Male and female Sprague-Dawley rats were obtained from Charles River Laboratories at 15 days of age and their brains were removed for autoradiographic analysis at 25, 35, 40, 60, 80, 100, and 120 days of age. Females were sacrificed on the second day of diestrous (determined by a vaginal smear) ±2 days of the same ages. An average of six subjects were studied at each age. Preliminary studies utilized subjects gonadectomized at 28 days of age (n=4). Subjects were treated in accordance with all relevant institutional, state and federal guidelines.

Sections were obtained and treated as previously described (Andersen et al., 1997). Briefly, frozen brains were sectioned coronally in 10 µm slices at -15oC, thaw-mounted on gelatin-coated slides, and stored at -70oC. Slides were thawed to room temperature the day of processing 5 min before incubation in D1 or D2 buffers. Saturation analyses were obtained using seven concentrations of each ligand.
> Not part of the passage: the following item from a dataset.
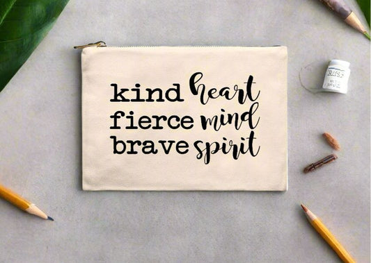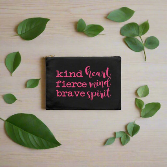 Kind Heart Fierce Mind Brave Spirit Cosmetic Bag - Black
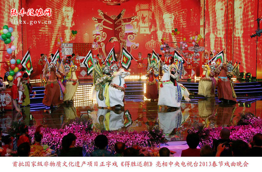 應(yīng)中央電視臺(tái)邀請(qǐng),正字戲以中國戲曲絕活“跑布馬”《得勝還朝》精彩亮相2013年央視戲曲春晚。

D1 receptors were determined using 3H-SCH-23390 (0.05-5 nM; 72.8 Ci/mmol) with 2 µM cis-flupenthixol as the blank. D2 receptor binding was determined with 3H-nemonapride (0.05-3.0 nM; 81.4 Ci/mmol) and 2 µM haloperidol. Specific binding at various concentrations of free ligand were analyzed with LIGAND (Munson and Robard, 1980) to derive estimates of Bmax and Kd, using non-linear regression to a single-site model for each subject. Protein concentrations were determined with the Commassie Blue method in each region across age. Final values for Bmaxwere expressed as fmol/mg protein.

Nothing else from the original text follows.